10. Unbounded Consumption Leads to Denial of Service and Denial of Wallet
LLMs are resource-intensive by default. That makes them vulnerable to abuse by oversized inputs, repeated requests, complex prompts, and extraction-style querying. The result may look like classic denial of service, but in AI systems it often shows up first as a cost problem.
This is why teams now use the phrase denial of wallet. An attacker may not need to crash the system. It may be enough to make it expensive enough to hurt.
How to reduce consumption risk
- Limit request size, context length, and queued actions
- Apply rate limits, quotas, and per-user budgets
- Set timeouts and throttles for expensive operations
- Monitor token usage, latency spikes, and abnormal request patterns
- Degrade gracefully under load rather than failing completely
- Watch for repeated querying patterns that resemble extraction attempts
Cost controls are security controls when inference is expensive.
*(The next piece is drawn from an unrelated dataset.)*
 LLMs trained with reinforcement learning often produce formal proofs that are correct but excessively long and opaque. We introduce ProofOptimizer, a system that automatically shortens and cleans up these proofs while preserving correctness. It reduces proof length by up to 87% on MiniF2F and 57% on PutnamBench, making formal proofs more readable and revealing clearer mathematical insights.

A Practical Defense Stack for LLM Applications
If you want one implementation-oriented view, the controls below do the most work across the full Top 10:
1. AI gateway or firewall
Inspect prompts going in and responses coming out. Block obvious prompt injection, redact sensitive data, and enforce policy before the model or the user sees anything.
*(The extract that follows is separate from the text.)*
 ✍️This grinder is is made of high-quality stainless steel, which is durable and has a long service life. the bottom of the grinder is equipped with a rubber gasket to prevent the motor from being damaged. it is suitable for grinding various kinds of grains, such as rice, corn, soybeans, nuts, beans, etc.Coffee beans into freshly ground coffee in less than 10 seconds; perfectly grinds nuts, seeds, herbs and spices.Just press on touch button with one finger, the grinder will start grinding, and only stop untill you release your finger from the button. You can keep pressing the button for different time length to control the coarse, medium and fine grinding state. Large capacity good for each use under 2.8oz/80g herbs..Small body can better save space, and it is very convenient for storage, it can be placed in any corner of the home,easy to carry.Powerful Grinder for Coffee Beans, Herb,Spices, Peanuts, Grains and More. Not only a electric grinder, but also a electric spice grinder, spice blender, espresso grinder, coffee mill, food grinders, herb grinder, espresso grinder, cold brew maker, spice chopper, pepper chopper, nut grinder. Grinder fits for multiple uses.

2. Least-privilege architecture
Limit what the model can access, what its tools can do, and what downstream identities are allowed to perform. Keep authorization outside the model.
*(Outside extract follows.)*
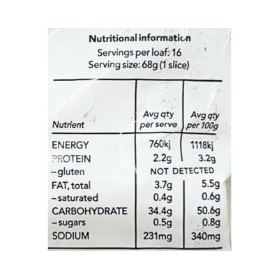 {"id":9726992384296,"title":"Nonie's GF Light Golden Bread 1.1kg (cold)","handle":"nonies-gf-light-golden-bread-11kg","description":"\u003cp\u003e \u003c\/p\u003e\n\u003ch5\u003eReviews\u003c\/h5\u003e\n\u003cp\u003eReviews go here\u003c\/p\u003e\n\u003ch5\u003eIngredients\u003c\/h5\u003e\n\u003cp\u003eAny images, tags, filters, product categories, and any other information on this website showing ingredients, nutrition panels, or allergy statements are for guidance only, as manufacturers often change their formulations without notice. Please contact the manufacturer for the most up-to-date ingredient information, or email us to confirm the ingredients of the stock currently on hand.\u003c\/p\u003e\n\u003ch5\u003eImportant Shipping Note\u003c\/h5\u003e\n\u003cdiv\u003e\n\u003cspan\u003eAll orders containing chilled products, frozen products and chocolates must include a Cooler to protect them in transit. The\u003c\/span\u003e\u003cspan\u003e \u003c\/span\u003e\u003cspan\u003eCooler\u003c\/span\u003e\u003cspan\u003e will automatically add to your order when a cold product is added to your shopping cart. \u003c\/span\u003e\u003cspan\u003eFrozen items may defrost in transit, we can not recommend re-freezing. \u003c\/span\u003e\u003cspan\u003eWe will select the correct size cooler for your order. Chilled orders can only be sent to certain areas, please refer to our \u003c\/span\u003e\u003ca href=\"https:\/\/www.crueltyfreeshop.com.au\/pages\/faq#refrid\" rel=\"noopener\" target=\"_blank\" data-saferedirecturl=\"https:\/\/www.google.com\/url?q=https:\/\/www.crueltyfreeshop.com.au\/pages\/faq%23refrid\u0026amp;source=gmail\u0026amp;ust=1664430462005000\u0026amp;usg=AOvVaw3YpBIvhTwoxQRA_PVqbP_L\"\u003eFAQ\u003c\/a\u003e\u003cspan\u003e or email us at \u003c\/span\u003e\u003ca href=\"mailto:online@vegangrocerystore.com.au\" rel=\"noopener\" target=\"_blank\"\u003eonline@vegangrocerystore.\u003cwbr\u003ecom.au\u003c\/wbr\u003e\u003c\/a\u003e\n\u003c\/div\u003e","published_at":"2025-08-05T12:41:38+10:00","created_at":"2025-08-05T12:41:38+10:00","vendor":"Nonie's","type":"","tags":["Bread","Sydney Store"],"price":1840,"price_min":1840,"price_max":1840,"available":true,"price_varies":false,"compare_at_price":null,"compare_at_price_min":0,"compare_at_price_max":0,"compare_at_price_varies":false,"variants":[{"id":50470885687592,"title":"Default Title","option1":"Default Title","option2":null,"option3":null,"sku":"9369998219827","requires_shipping":true,"taxable":false,"featured_image":null,"available":true,"name":"Nonie's GF Light Golden Bread 1.1kg (cold)","public_title":null,"options":["Default Title"],"price":1840,"weight":0,"compare_at_price":null,"inventory_quantity":1,"inventory_management":"shopify","inventory_policy":"deny","barcode":null,"requires_selling_plan":false,"selling_plan_allocations":[]}],"images":["\/\/crueltyfreeshop.myshopify.com\/cdn\/shop\/files\/Nonie-s-GF-Light-Golden-Bread.png?v=1754361701","\/\/crueltyfreeshop.myshopify.com\/cdn\/shop\/files\/nonieslightgolden-NutritionalInfo.jpg?v=1763611073","\/\/crueltyfreeshop.myshopify.com\/cdn\/shop\/files\/nonieslightgolden-ingredients.jpg?v=1763611073"],"featured_image":"\/\/crueltyfreeshop.myshopify.com\/cdn\/shop\/files\/Nonie-s-GF-Light-Golden-Bread.png?v=1754361701","options":["Title"],"media":[{"alt":null,"id":42051149267240,"position":1,"preview_image":{"aspect_ratio":1.0,"height":512,"width":512,"src":"\/\/crueltyfreeshop.myshopify.com\/cdn\/shop\/files\/Nonie-s-GF-Light-Golden-Bread.png?v=1754361701"},"aspect_ratio":1.0,"height":512,"media_type":"image","src":"\/\/crueltyfreeshop.myshopify.com\/cdn\/shop\/files\/Nonie-s-GF-Light-Golden-Bread.png?v=1754361701","width":512},{"alt":null,"id":43015583007016,"position":2,"preview_image":{"aspect_ratio":1.0,"height":400,"width":400,"src":"\/\/crueltyfreeshop.myshopify.com\/cdn\/shop\/files\/nonieslightgolden-NutritionalInfo.jpg?v=1763611073"},"aspect_ratio":1.0,"height":400,"media_type":"image","src":"\/\/crueltyfreeshop.myshopify.com\/cdn\/shop\/files\/nonieslightgolden-NutritionalInfo.jpg?v=1763611073","width":400},{"alt":null,"id":43015583039784,"position":3,"preview_image":{"aspect_ratio":1.0,"height":400,"width":400,"src":"\/\/crueltyfreeshop.myshopify.com\/cdn\/shop\/files\/nonieslightgolden-ingredients.jpg?v=1763611073"},"aspect_ratio":1.0,"height":400,"media_type":"image","src":"\/\/crueltyfreeshop.myshopify.com\/cdn\/shop\/files\/nonieslightgolden-ingredients.jpg?v=1763611073","width":400}],"requires_selling_plan":false,"selling_plan_groups":[],"content":"\u003cp\u003e \u003c\/p\u003e\n\u003ch5\u003eReviews\u003c\/h5\u003e\n\u003cp\u003eReviews go here\u003c\/p\u003e\n\u003ch5\u003eIngredients\u003c\/h5\u003e\n\u003cp\u003eAny images, tags, filters, product categories, and any other information on this website showing ingredients, nutrition panels, or allergy statements are for guidance only, as manufacturers often change their formulations without notice. Please contact the manufacturer for the most up-to-date ingredient information, or email us to confirm the ingredients of the stock currently on hand.\u003c\/p\u003e\n\u003ch5\u003eImportant Shipping Note\u003c\/h5\u003e\n\u003cdiv\u003e\n\u003cspan\u003eAll orders containing chilled products, frozen products and chocolates must include a Cooler to protect them in transit. The\u003c\/span\u003e\u003cspan\u003e \u003c\/span\u003e\u003cspan\u003eCooler\u003c\/span\u003e\u003cspan\u003e will automatically add to your order when a cold product is added to your shopping cart. \u003c\/span\u003e\u003cspan\u003eFrozen items may defrost in transit, we can not recommend re-freezing. \u003c\/span\u003e\u003cspan\u003eWe will select the correct size cooler for your order. Chilled orders can only be sent to certain areas, please refer to our \u003c\/span\u003e\u003ca href=\"https:\/\/www.crueltyfreeshop.com.au\/pages\/faq#refrid\" rel=\"noopener\" target=\"_blank\" data-saferedirecturl=\"https:\/\/www.google.com\/url?q=https:\/\/ww

3. Data hygiene and provenance
Know where training, fine-tuning, and RAG data came from. Validate it, version it, and control changes to it.
4. Output validation
Do not let the model write raw SQL, HTML, shell commands, or API parameters into real systems without deterministic validation.
5. Human approval for high-risk actions
If the action moves money, changes records, deletes data, sends external communications, or impacts health and safety, require human review.
6. Monitoring, logging, and anomaly detection
Log prompts, retrieval events, tool calls, and outcomes with enough structure to replay incidents and detect abuse patterns.
7. Adversarial testing
Regularly test with direct injections, indirect injections, poisoned content, malicious documents, and tool abuse scenarios. If you do not test these paths, attackers will.
A Production Checklist
- Sanitize sensitive data before training, fine-tuning, or retrieval ingestion
- Treat prompts, retrieved content, and model output as untrusted by default
- Put approval gates around destructive or externally visible actions
- Enforce least privilege for tools, plug-ins, APIs, and vector stores
- Verify model, adapter, and dataset provenance before deployment
- Validate output before passing it to browsers, databases, shells, or business systems
- Apply quotas, rate limits, and timeouts to control denial-of-wallet risk
- Log enough detail to trace incidents across prompt, retrieval, tool, and response steps
- Red team the application, not just the base model
Further Reading
If you want the original OWASP write-ups behind this summary, start here:
- LLM01: Prompt Injection
- LLM02: Sensitive Information Disclosure
- LLM03: Supply Chain
- LLM04: Data and Model Poisoning
- LLM05: Improper Output Handling
- LLM06: Excessive Agency
- LLM07: System Prompt Leakage
- LLM08: Vector and Embedding Weaknesses
- LLM09: Misinformation
- LLM10: Unbounded Consumption
The Bottom Line
The OWASP Top 10 for LLMs is useful because it reframes AI security as engineering discipline. Prompt injection, data leakage, poisoned retrieval, untrusted output, and overpowered agents are not abstract research curiosities. They are production failure modes.
The teams that operate LLMs safely will be the teams that treat them neither as magic nor as ordinary software. They will treat them as probabilistic systems wrapped in deterministic controls.
That is the right mental model for building AI that is useful, secure, and still under your control.